Control system of automobile heating device

Technical Field

The invention relates to the technical field of automobile air conditioners, in particular to a control system of an automobile heating device.

Background

With the implementation of national energy-saving emission-reduction policy, new energy vehicles become the leading soldiers in response to national energy-saving emission-reduction strategies. The vehicle air conditioner can effectively improve the driving comfort and is an important assistance force which can be popularized by new energy vehicles.

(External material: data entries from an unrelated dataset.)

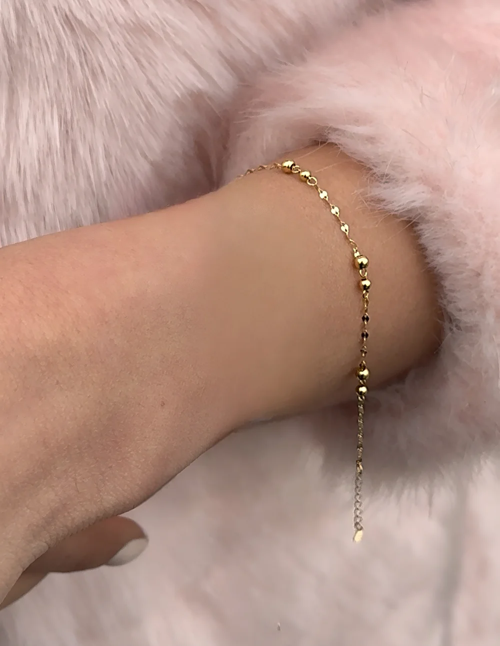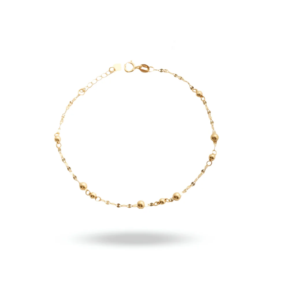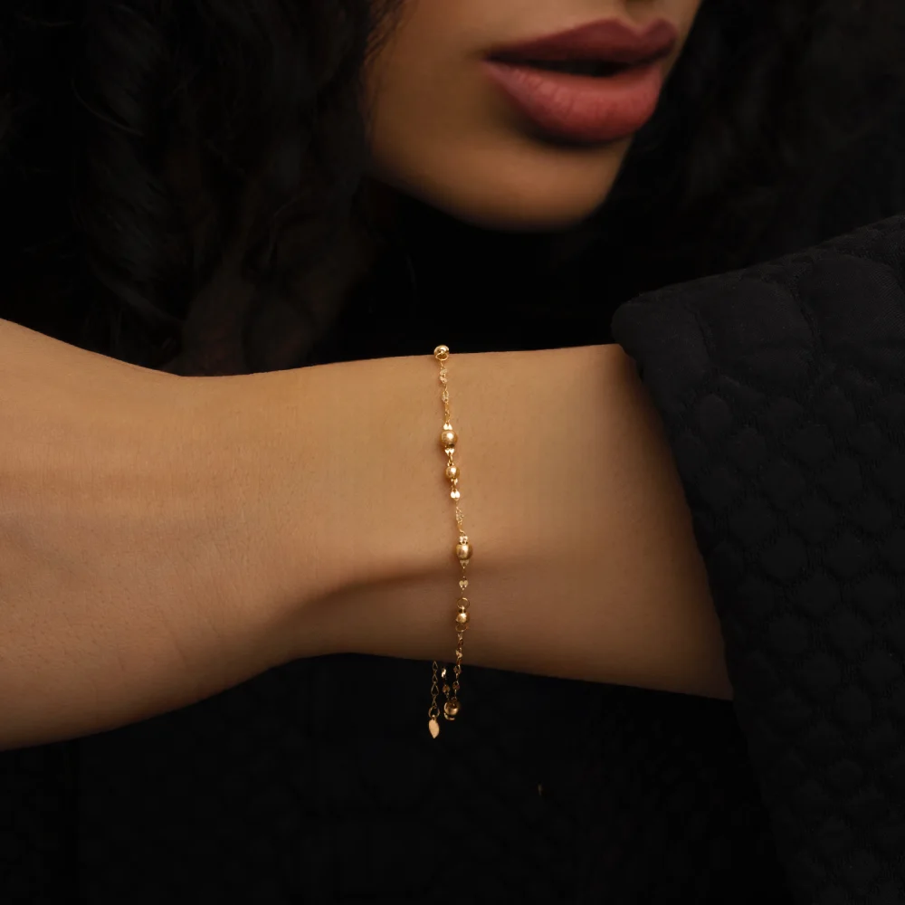 دستبند گویدار ریز، با طراحی ظریف و مینیمال، انتخابی ایدهآل برای خانمهایی است که به دنبال زیورآلاتی ساده اما درخشان هستند. گویهای طلایی کوچک و براق، در کنار زنجیر ظریف، جلوهای بینظیر به این دستبند بخشیدهاند.
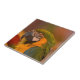 This tile features a beautiful Macaw parrot with a soft warm coloured background
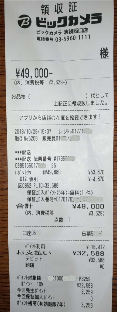 ルンバ e5の領収書
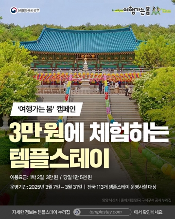 템플스테이를 운영하는 전국 113개의 사찰에서 3만 원으로 템플스테이를 체험하며 행복을 두 배로 느껴보세요!
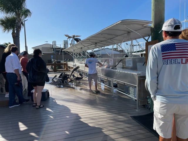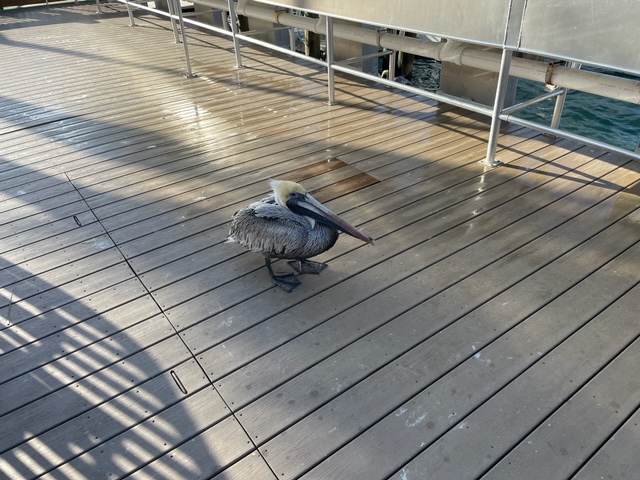 While sitting there, one of the fishing boats came in and the people had caught a small shark. So we watched as the crewman fileted that shark for the people. What was most fascinating were the pelicans that surrounded this crewman as he cleaned the fish. They actually got very aggressive jumping up on the cleaning counter where the man sprayed him to get him off the ledge.
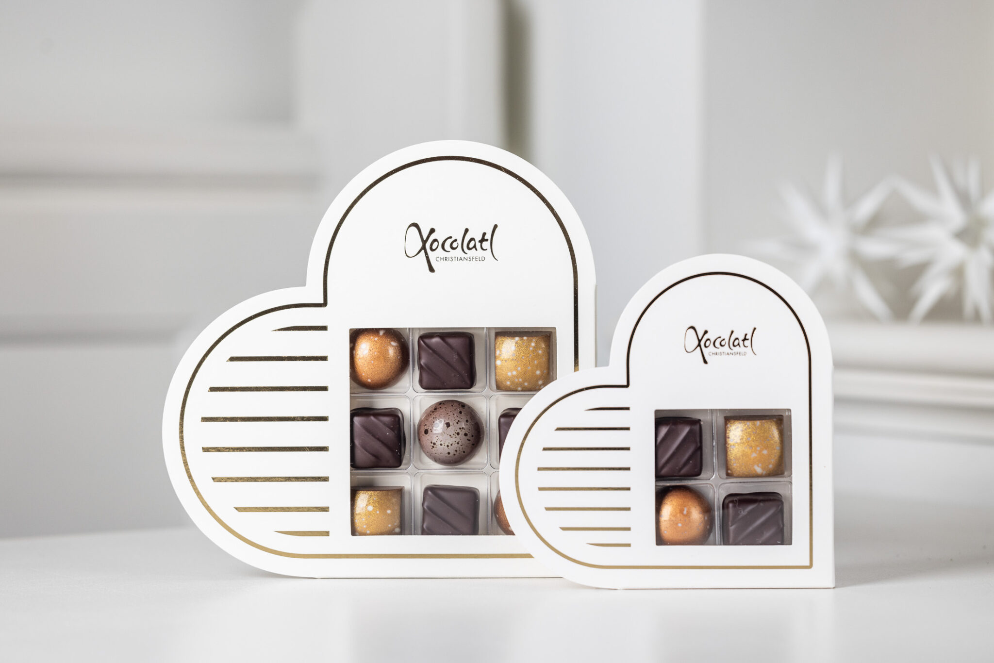 Smuk hvid hjerte æske med guld, perfekt til en lille gave til en du holder af. Den indeholder 9 fyldte chokolader med nougat, marcipan, flødekaramel og saltkaramel
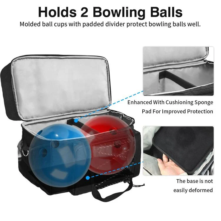 3. Top compartment for shoes, main compartment equipped with a wooden ball rack and padded dividers to protect your balls from damage and prevent them from rolling during transport

In new energy vehicles, especially pure electric vehicles, there is a special optimization demand for the consumption of vehicle energy. In the aspect of traditional vehicle air conditioner control, a PTC (positive temperature coefficient) component for heating of an air conditioning system is simple on-off control, so that certain waste exists in energy consumption, and discomfort of a user is caused due to the fact that the PTC (positive temperature coefficient) component is excessive. Generally, a relay is used for control, but the PTC relay is limited by a PTC relay control mode, so that the heating quantity of the PTC cannot be adjusted, and the problems of energy waste and poor user experience exist.

Disclosure of Invention

The invention aims to overcome the defects of the prior art and provides a control system of an automobile heating device, which can control the operation of a PTC (positive temperature coefficient) to realize quick closing and more flexible adjustment.

In order to achieve the purpose, the invention adopts the technical scheme that: a control system of an automobile heating device comprises a PTC controller, wherein a high-voltage input end of the PTC controller is connected with a high-voltage positive electrode, a high-voltage output end of the PTC controller is connected with a PTC high-voltage positive electrode interface, a low-voltage end of a power supply of the PTC controller is connected with a PTC high-voltage negative electrode interface, and the PTC high-voltage negative electrode interface is connected with a high-voltage negative electrode; the PTC controller is provided with a low-voltage control end, and the low-voltage control end of the PTC controller inputs a PWM signal to control the power-on work of the PTC through the PTC controller.

The PTC controller comprises a high-voltage input end and a low-voltage control end, wherein the high-voltage input end is connected with a high-voltage anode of a power supply, the high-voltage input end is connected with a collector of an MOS tube Q1, an emitter of the MOS tube Q1 is connected with a primary side of a transformer after passing through a power supply control chip, a PWM (pulse-width modulation) control signal is input into the low-voltage control end, the low-voltage control end is connected with a base of an MOS tube Q2, an emitter of an MOS tube Q2 is connected with a base of an MOS tube Q1, a conduction voltage is provided for an MOS tube Q2 through the PWM control signal, and a conduction voltage; the secondary side of the transformer is connected with the base of a transistor Q3, the emitter and the collector of a transistor Q3 are respectively connected with a high-voltage output end and a low-voltage end of a power supply, the base of a transistor Q3 is respectively connected with the bases of Q4 and Q5, the collectors of transistors Q3, Q4 and Q5 are mutually connected, and the emitters of transistors Q3, Q4 and Q5 are mutually connected.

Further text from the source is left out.